Corrections and Clarifications

Science  01 Jul 2005:
Vol. 309, Issue 5731, pp. 56a
DOI: 10.1126/science.309.5731.56a

News of the Week: “Extrasolar planets get smaller and (possibly) harder” by R. Irion (17 June, p. 1727). The article incorrectly stated that a new planet circling the star Gliese 876 has the shortest exoplanet “year” yet seen, at 1.94 days. The Optical Gravitational Lensing Experiment (OGLE) has found three distant planets with shorter orbital periods. The fastest known is 1.21 days.

Random Samples: “Cetacean culture?” (10 June, p. 1545). Michael Krützen was identified as being at the University of Zurich. However, he did the work while at the University of New South Wales.
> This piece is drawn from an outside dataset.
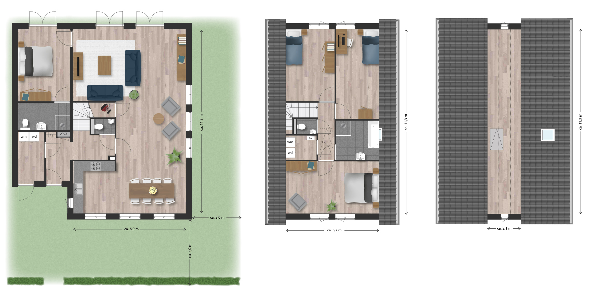 Een woningtype met voorzieningen voor nu of voor de toekomst. Dat betekent dus dat u een slaapkamer en eigen badkamer op de begane grond heeft. Naast de voordeur bevindt zich een bergruimte voor fietsen, tuinmeubilair of gereedschap. De keukenopstelling kan naar wens tuingericht of straatgericht worden geplaatst Op de eerste verdieping bevinden zich 3 grote slaapkamers en de tweede badkamer. Via de overloop is een aparte ruimte bereikbaar voor wasmachine en droger (die ook in de berging kunnen staan). Tegenover de ruime badkamer wordt op de verdieping een separaat toilet gerealiseerd. De zolderverdieping is via een vlizotrap te bereiken Via een optionele vaste trap kunnen op de zolder twee extra kamers worden gerealiseerd. De woning is optioneel te voorzien van een geïsoleerde of ongeïsoleerde garage/berging. De afmeting en locatie kunnen naar wens worden bepaald. Liever een andere woningindeling of kleurstelling? Neem contact met ons op voor de mogelijkheden.Kenmerken Senior

News Focus: “Structural genomics, round 2” by R. F. Service (11 Mar., p. 1554). Jeremy Berg was not identified. He is the director of the National Institute of General Medical Sciences, NIH. The definition given for a protein being “unique” was incorrect. The rule is that a unique protein structure must have less than 30% of its gene's sequence identical to the genetic sequence of any protein of known structure. The proper abbreviation for the Northeast Structural Genomics Consortium is NESG. Finally, rather than determining the manner in which an enzyme binds salicylic acid, NESG researchers discovered the manner in which the enzyme cleaves methyl salicylitate to produce salicylic acid.